Para diretor de empresa, impedir propaganda é uma forma de alienação

Definir normas de conduta é melhor do que proibir. A opinião é do diretor de licenciamento da Mauricio de Sousa Produções, Rodrigo Paiva, ao comentar a iniciativa do governo federal de restringir a publicidade infantil.
Para o representante da equipe que produz as historinhas da Turma da Mônica, “impedir o acesso ao conteúdo publicitário é uma forma de alienação que pode ser prejudicial ao desenvolvimento das crianças, que serão consumidoras no futuro”.
A empresa licencia os personagens para produtos e publicidades destinados a esse público.
— Acreditamos na educação e informação desde cedo como melhores ferramentas. Temos parcerias com SPC Brasil e Procon da Prefeitura de Campinas, por exemplo, para levar informações sobre consumo consciente às famílias. O gibi do ECA [Estatuto da Criança e do Adolescente] com os personagens da Turma da Mônica já teve mais de 30 milhões de exemplares distribuídos — afirma.
Segundo Paiva, a Mauricio de Sousa Produções apoia a utilização dos recursos da publicidade de maneira favorável socialmente, como forma de criar estímulos à produção artística e cultural do país, em vez de inviabilizar sua existência.

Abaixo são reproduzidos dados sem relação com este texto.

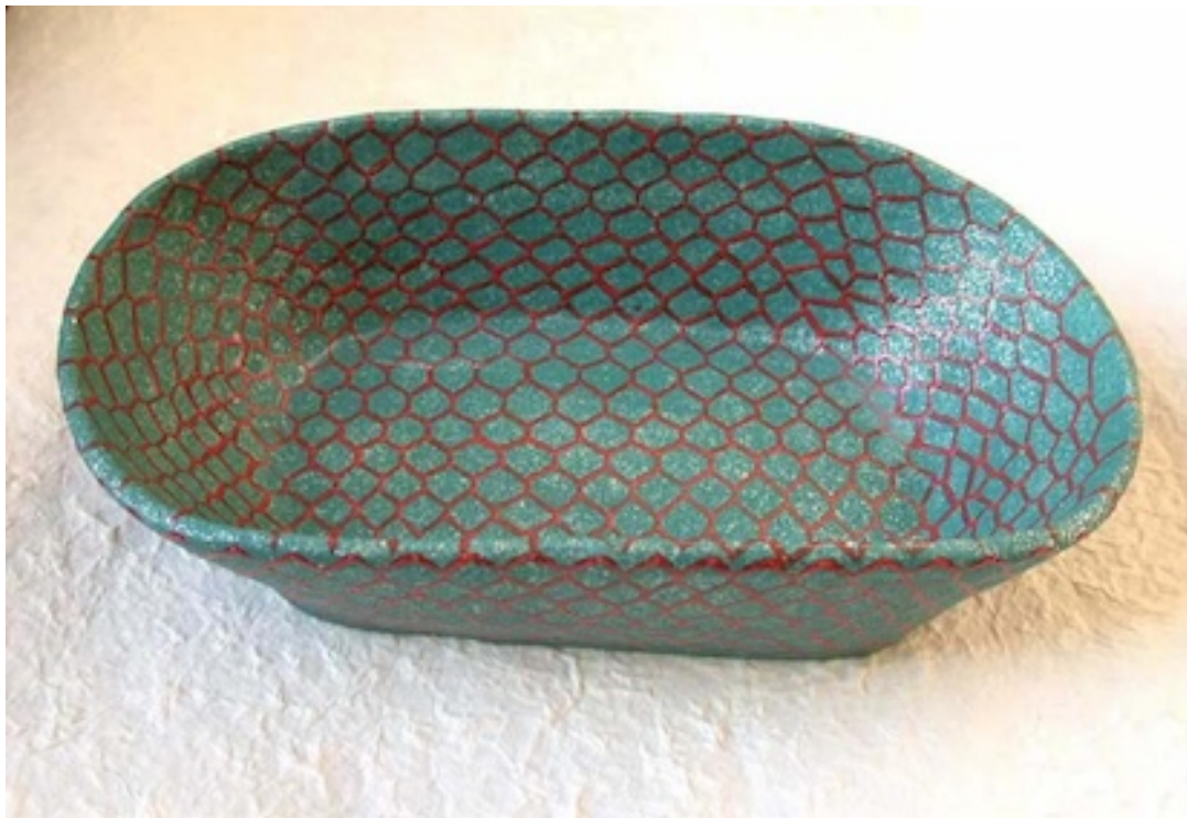
WESPENSCHAAL (Wasp Dish) 2005

— A Turma da Mônica e outros personagens que têm surgido e se fortalecido nos últimos anos fazem parte do universo infantil, e provavelmente não existiriam nem teriam oportunidade de crescer em um ambiente com excessivas restrições, fazendo com que muitos artistas deixassem de dar sua contribuição ao desenvolvimento dos valores da sociedade brasileira — avalia o executivo.
Ele enfatiza que, ao lado de outros setores da sociedade, a empresa quer colaborar com as discussões acerca da regulamentação da área.
Paiva lembra, inclusive, que a Mauricio de Sousa Produções já participou de audiências públicas sobre o tema na Câmara dos Deputados e continua aberta a discutir o assunto no Congresso Nacional.
Para Rodrigo Paiva, ter uma regulamentação que proteja crianças e adolescentes é necessário.
— Tanto que o Brasil já os contempla na Constituição federal, no ECA e no CDC [Código de Defesa do Consumidor], sem contar o código do Conar [Conselho Nacional de Autorregulamentação Publicitária], que é constantemente atualizado.